PostgreSQL single vs. multi-column indexing for optimal SELECT performance - 【StackMirror】|sql|performance|postgresql|indexing

I am new to PostgreSQL, especially its performance tuning aspects. Basically we have data that is accessed by querying 3 integer values: segmentSize (ranges 1...10), segmentX (ranges +/- 100,000), segmentY (ranges +/- 100,000).

A forward-looking consideration: when the data volume grows, there's a possibility to segment the data into multiple tables, one per individual segmentSize, and / or contiguous ranges of segmentX and segmentY.

The present choice: I have an architectural choice of either directly using the key (segmentSize, segmentX, segmentY) or - in order to gain performance - outside of PostgreSQL creating a synthetic key that combines segmentX, segmentY into a single integer value that becomes the key (or much less likely, all three (segmentSize, segmentX, segmentY).

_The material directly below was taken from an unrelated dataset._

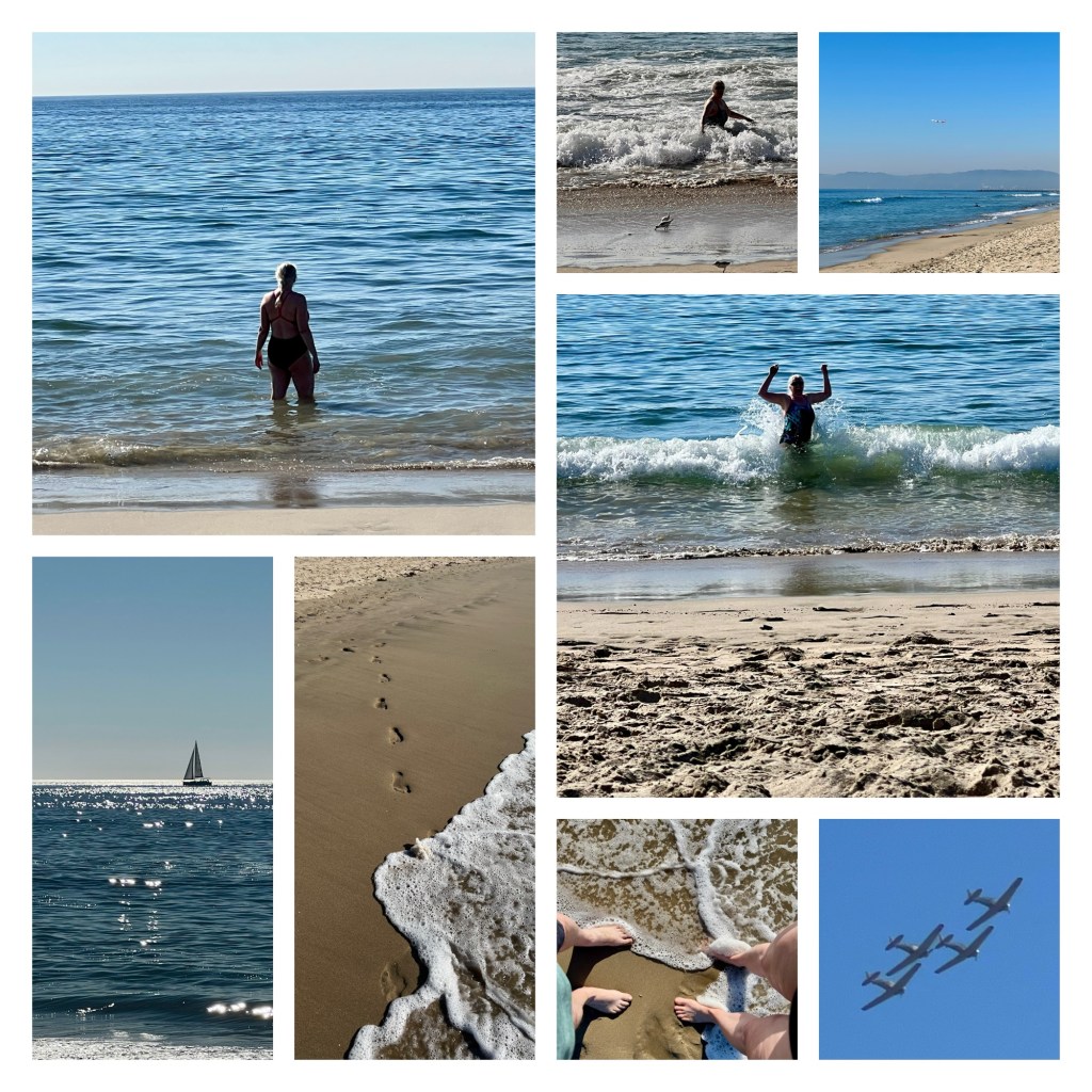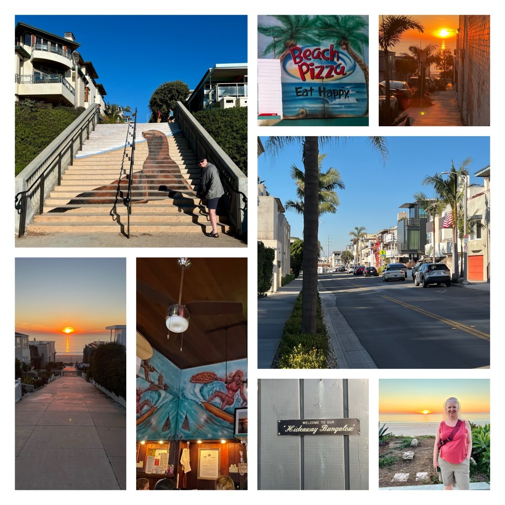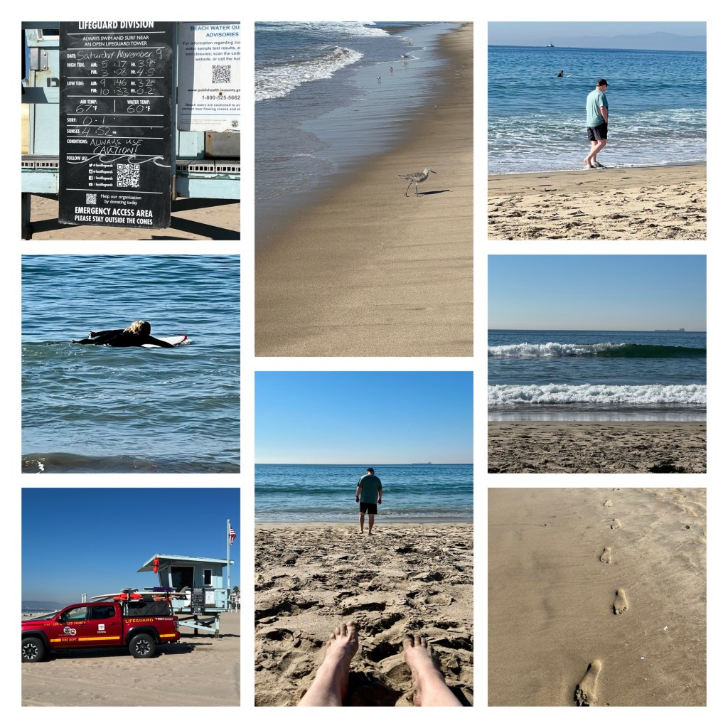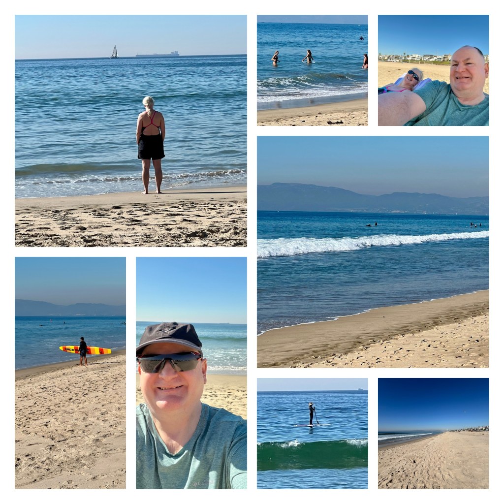 A slightly unsettled night, as I was a bit cold (yes, despite being in California) and the pillow was a bit bouncy for my liking, but I still got a reasonable number of hours in. I read the news for a bit before going and making coffee, which I drank outside on our private deck. After that, we went out for food. I was really hungry probably because, apart from some cookies, we hadn’t eaten since yesterday afternoon. Our chosen venue was The Local Yolk, a busy cafe just around the corner from our bungalow. The breakfast was excellent, and mine came with two – yep, two – banana muffins, and I ate everything. I did say I was hungry. The area is very cute, with a lovely feel. Last night we both said we were never coming through LAX again, due to the traffic, but today we thought this area was lovely and almost worth a repeat visit. It is a bit of a Key West or St Augustine vibe, albeit not as old as the latter.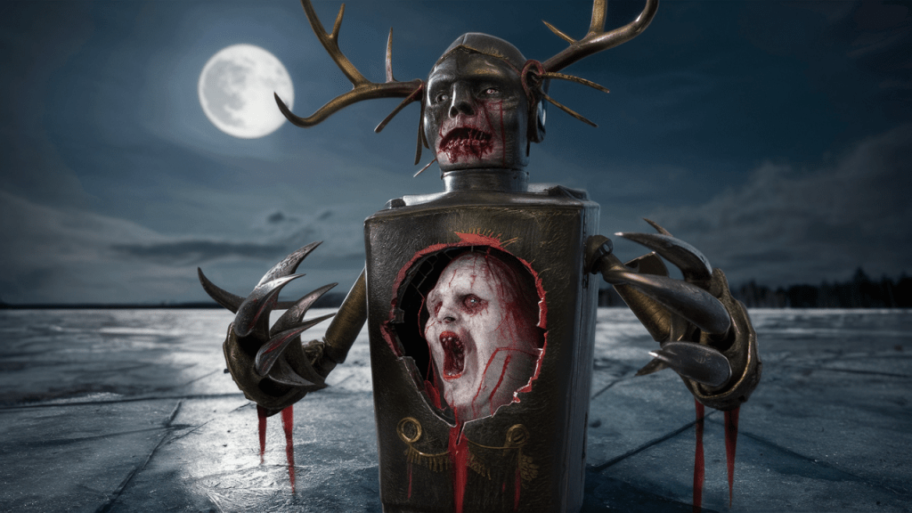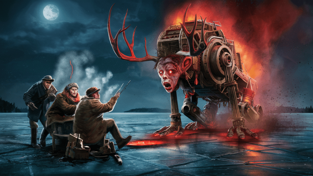 Sheriff Nemier (Spits): Dang Wendigo Robot, that’s what! Those gall-darn floatin’ tracks leading towards the lake, are bigger than any black bear I’ve ever seen!

The question: assuming we're not too concerned about the cost of this "combined key" derivation from segmentX, segmentY happening outside of Postgress, and given we're not specifically after space saving on the order of bytes per row of data (unless it makes a performance difference), .... will there be any measurable or meaningful performance gain from querying for a single int value of the range segmentX * segmentY, as opposed to querying for a combination of two separate int values of segmentX and segmentY ?

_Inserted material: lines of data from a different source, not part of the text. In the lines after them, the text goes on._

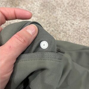 Lululemon Women’s In Focus Run Tight Sense Knit Army Green Size 8. Very good preowned condition! No rips, holes, or stains. Hang tag is removed, but size and style is listed on size dot inside back zipper pocket.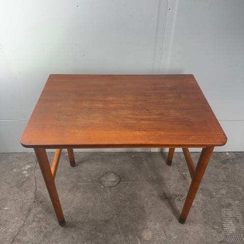 funktionelt skrivebord udført i massiv teak. Bordet er let slebet og olieret. Standen er god med almindelige brugsspor.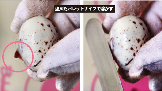 もし、卵のフチにバリのようなものが出来てしまったら、パレットナイフを温めて、その熱で溶かして整えちゃえます。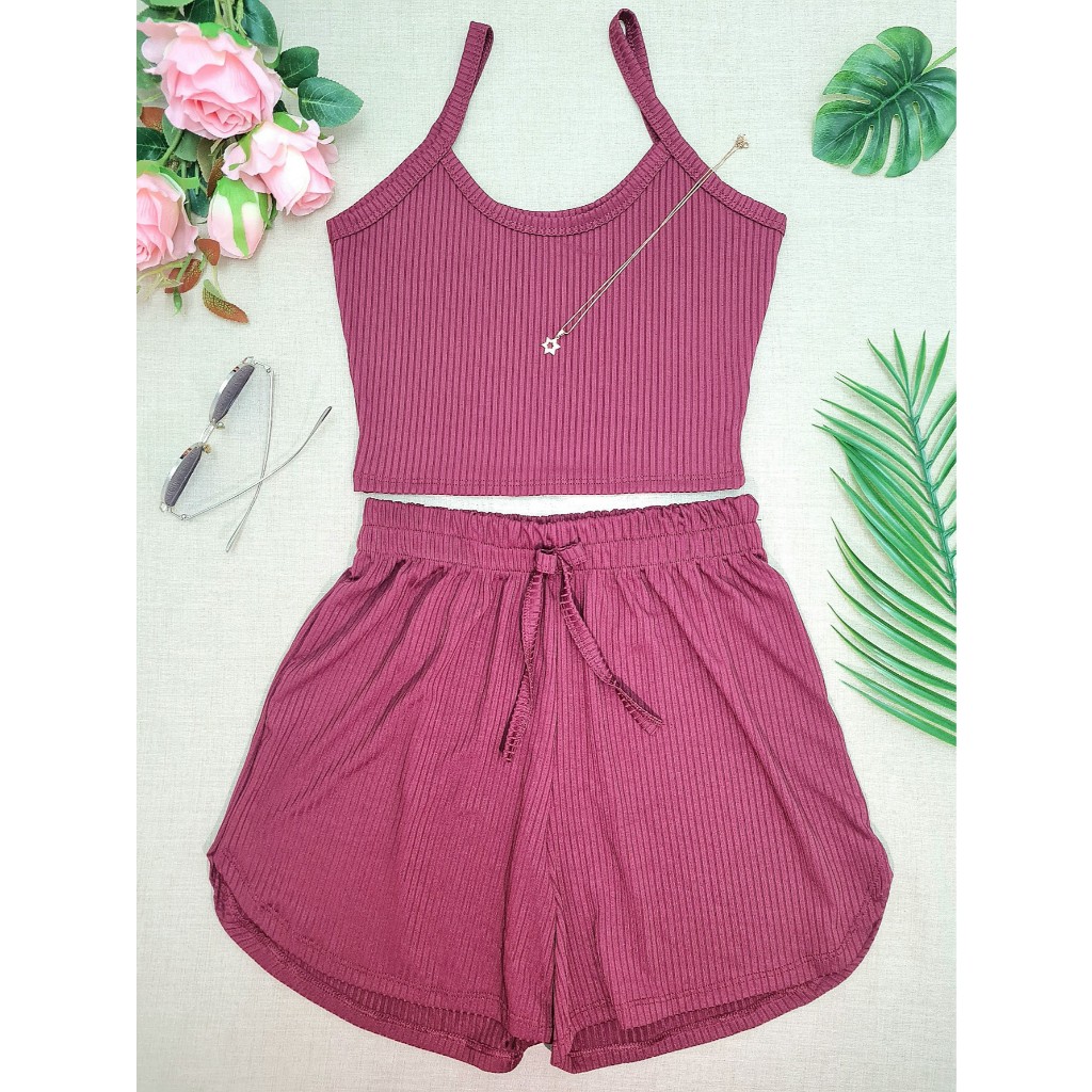 KIT5 Conjuntos Top De Alcinha básico Regata+Short Curto Malha Canelada 5 Cores

Many, many thanks. Please feel free to include any links that expand on the applicable data and indexing strategies to maximize SELECT / read performance.

2012-04-04 17:53
by SashaK

Use EXPLAIN and EXPLAIN ANALYZE on your queries to see and measure what is going on and what works best - Frank Heikens 2012-04-04 18:00

Thank you, Frank - SashaK 2012-04-04 18:22

First: what is the natural primary key ? Second: what is your typical usage: a range query on either X or Y or on {X,Y} or on {Y,X} ? Third: is the set of keyfields in the query different from those of the "natural" PK? Is it different from the set of keyfields in the insert-operations? fourth: from the set of three keyfields: is any possible pair a candidate key? Fifth: please add a discription of the meaning of the keyfiels. "segment_id" is not very informative to most of us - wildplasser 2012-04-04 18:31

@wildplasser great insight - thank you. Basically we have a grid akin to city blocks in Manhattan NYC where avenues (1st to 11th) and streets (1st to say 160th) are numbered. So you can refer to some restaurant as being "near the corner of 7th Avenue and 34th Street", as people do in real life. Alternatively you can follow the Tokyo scheme where each city block is given a number, so you can refer to some restaurant as being in "block 926". In the former case, we'd have a combined index/key of (7,34) and in the latter case, a single key 926 (hence from a larger set of values) - SashaK 2012-04-05 04:01

The performance benefits of combining the two (or three) columns into a single value for the key are likely to be quite minimal. It could actually hurt performance for some usages; if these values are meaningful in other tables, the need to "navigate" through the synthetic key prevents plans from being considered which might be faster. Using a synthetic key when there is an available natural key tends to fall under the heading of "premature optimization", with all the risks associated with that -- including a high probability that it will actually make things slower.

2012-04-04 18:24
by kgrittn